Problem description: Write out, word for word, each line from the start of the entries through the one holding "From 2004 to"; omit the pictures.

BEGIN Given information

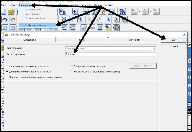 Для этого, перейдя на необходимую страницу в Конструкторе, пройдите, пожалуйста, в меню Конструктора: Страница - Свойства страницы.
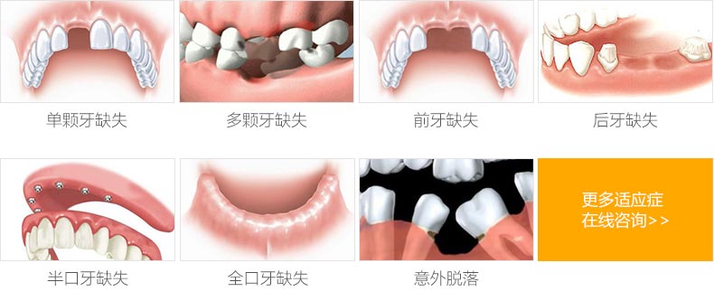 3、种植牙:适用于所有牙齿缺失患者,温度牢靠,美观舒适,不损伤邻牙,以及牙槽骨的萎缩和吸收,使用寿命半长久性。
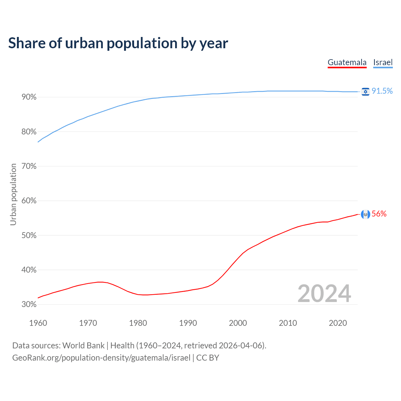 From 2004 to 2024, the share of urban population changed from 47.3% to 56% in Guatemala and from 91.6% to 91.5% in Israel.
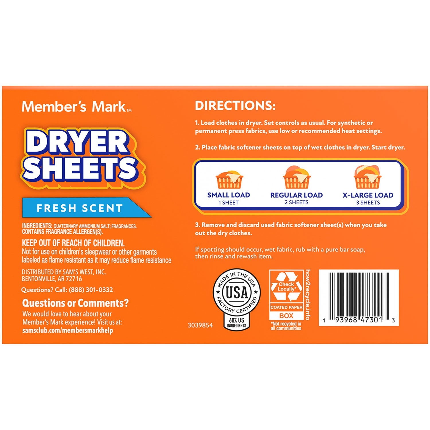 These Member's Mark dryer sheets offer long-lasting freshness, soften fabrics, and help repel hair and lint. Use one dryer sheet for small loads to fight against static and add freshness to your clothes and linens. Two dryer sheets can be used for regular loads for extra static protection and more of the fresh scent and softness. Use three sheets for large loads to repel lint, add softness to your laundry, and fight annoying static. For the best results, add a fresh dryer sheet on top of your clothes before you start drying. These fabric sheets are not recommended for re-use.
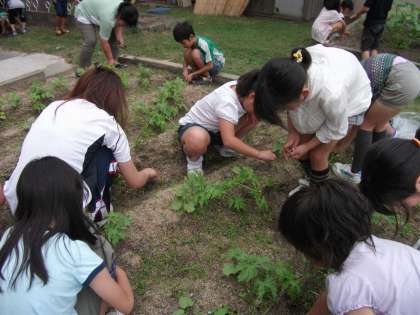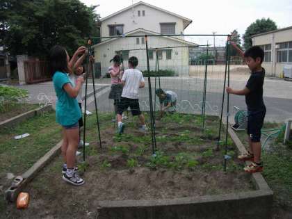 4年生が花壇に植えているツルレイシが大きくなって,支えがほしい…というぐらいに育ってきました。そこで,昼休みに4年生が雑草抜きをしました。6時間目に,委員会活動の5年生が,ネットを立ててくれました。
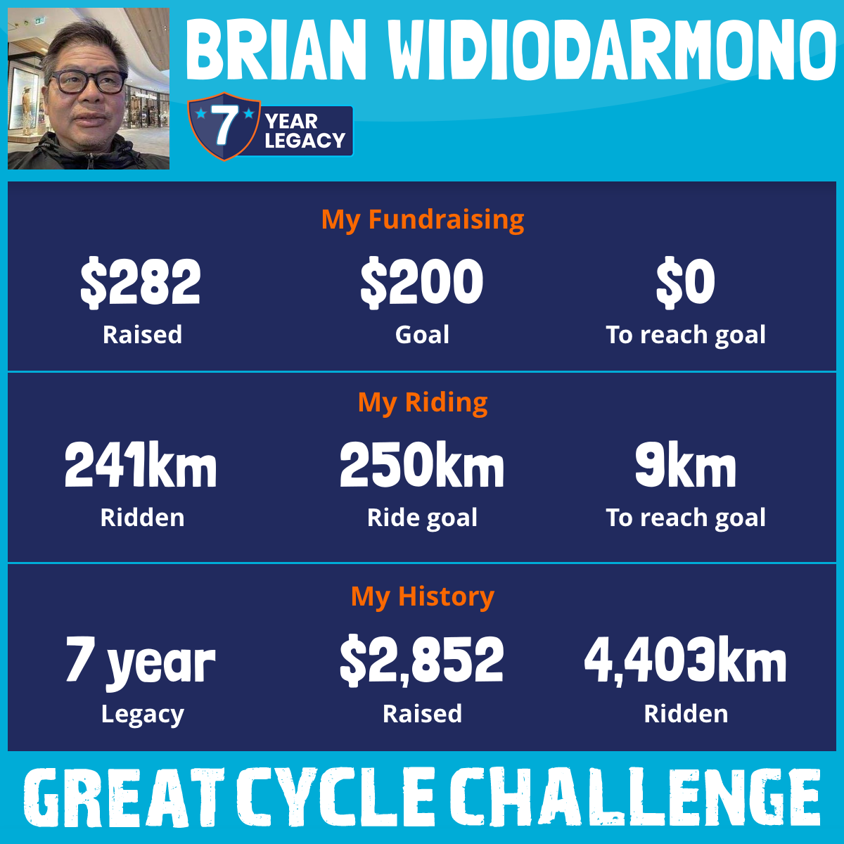 241 km Ridden$282 Raised2026
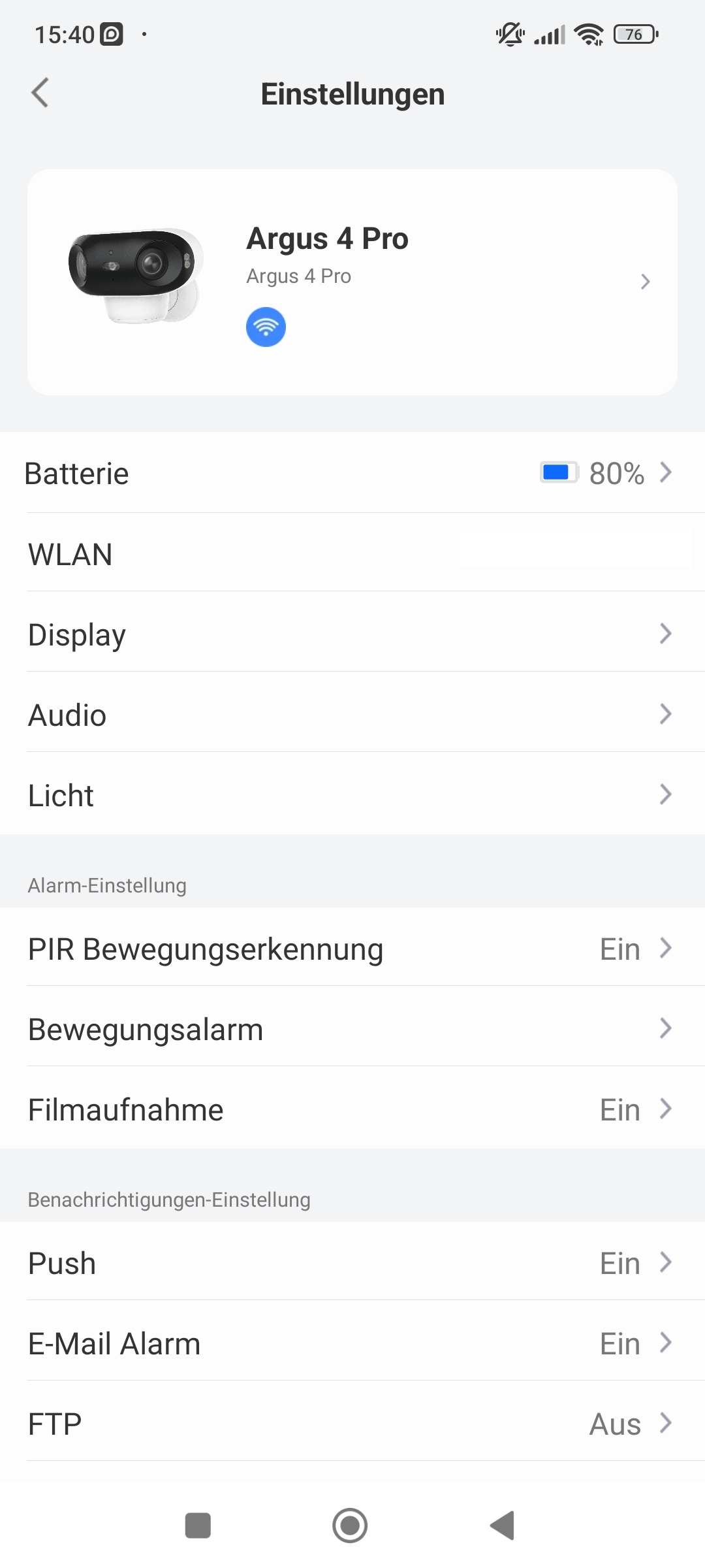 Die Smarthome-Funktionen sind recht begrenzt. Wer den Reolink Home Hub besitzt, kann Aufnahmen auch im hauseigenen Netzwerk ablegen. Zudem unterstützt die Argus 4 Pro den Google Assistant und lässt sich in das Google-Home-System integrieren. Das war es dann aber auch schon, hier unterstützen andere smarte Überwachungskameras mehr Anbieter und weitere Funktionen.
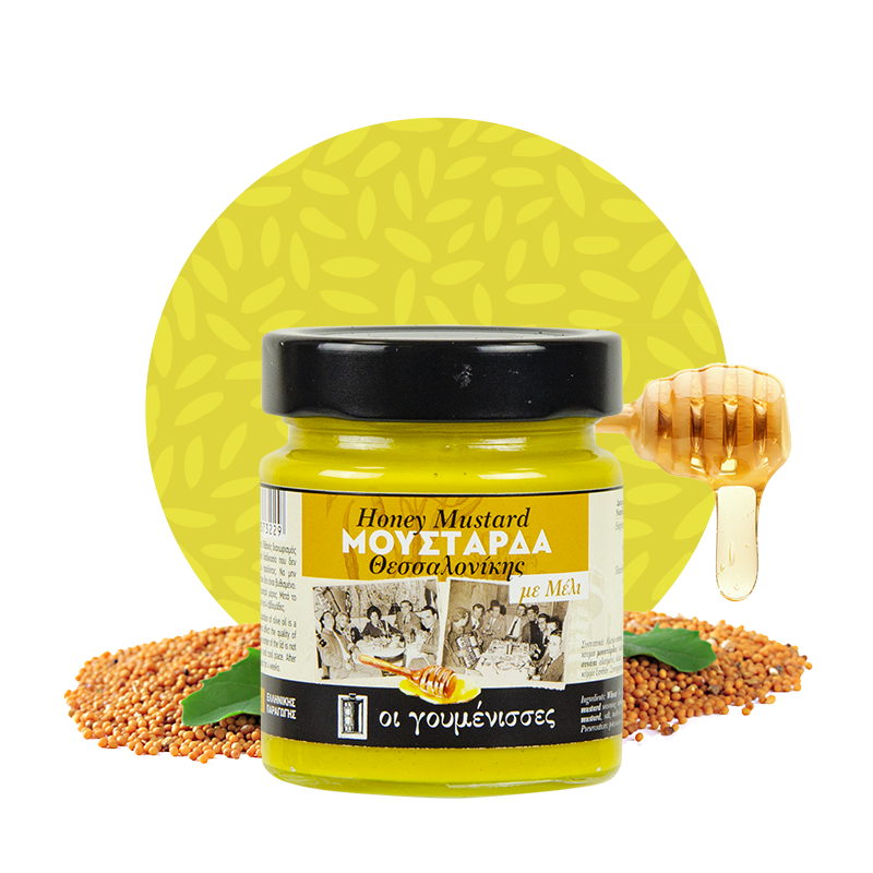 On le sait peu mais la région grecque de Macédoine Centrale est considérée comme le cœur de la production agricole grecque. Sa cuisine est de ce fait d'une grande richesse en raison de sa position géographique qui la place à la croisée de diverses influences culinaires : baignée par les influences byzantines, ottomanes et méditerranéennes, sa gastronomie offre une palette de saveurs où les épices rencontrent la fraîcheur des produits locaux ; un métissage qui différencie cette gastronomie de celle du reste de la péninsule. Il faut parcourir les allées du célèbre marché Modiano Kapani, véritable cœur battant de la ville pour avoir un échantillon vivant de cette richesse culinaire. Parmi les étals, on trouvera à n'en pas douter la fameuse moutarde traditionnelle de Thessalonique, secret d'une taverne bien connue du vieux Thessalonique ; la moutarde préférée des visiteurs de la foire internationale qui se déguste avec la célèbre saucisse accompagnée de bière brune. La délicieuse moutarde traditionnelle de Thessalonique produite par GOUMENISSES est basée sur une recette découverte dans les cahiers de grand-mère Theopoula. Elle vous séduira par la profondeur de ses arômes soutenus par la douceur sucrée du miel . Elle accompagnera à merveille les saucisses, les boulettes de viande, les grillades, les brochettes et les sandwichs et sera parfaite pour préparer une vinaigrette !

END Given information

Solution to this task:
 Для этого, перейдя на необходимую страницу в Конструкторе, пройдите, пожалуйста, в меню Конструктора: Страница - Свойства страницы.
 3、种植牙:适用于所有牙齿缺失患者,温度牢靠,美观舒适,不损伤邻牙,以及牙槽骨的萎缩和吸收,使用寿命半长久性。
 From 2004 to 2024, the share of urban population changed from 47.3% to 56% in Guatemala and from 91.6% to 91.5% in Israel.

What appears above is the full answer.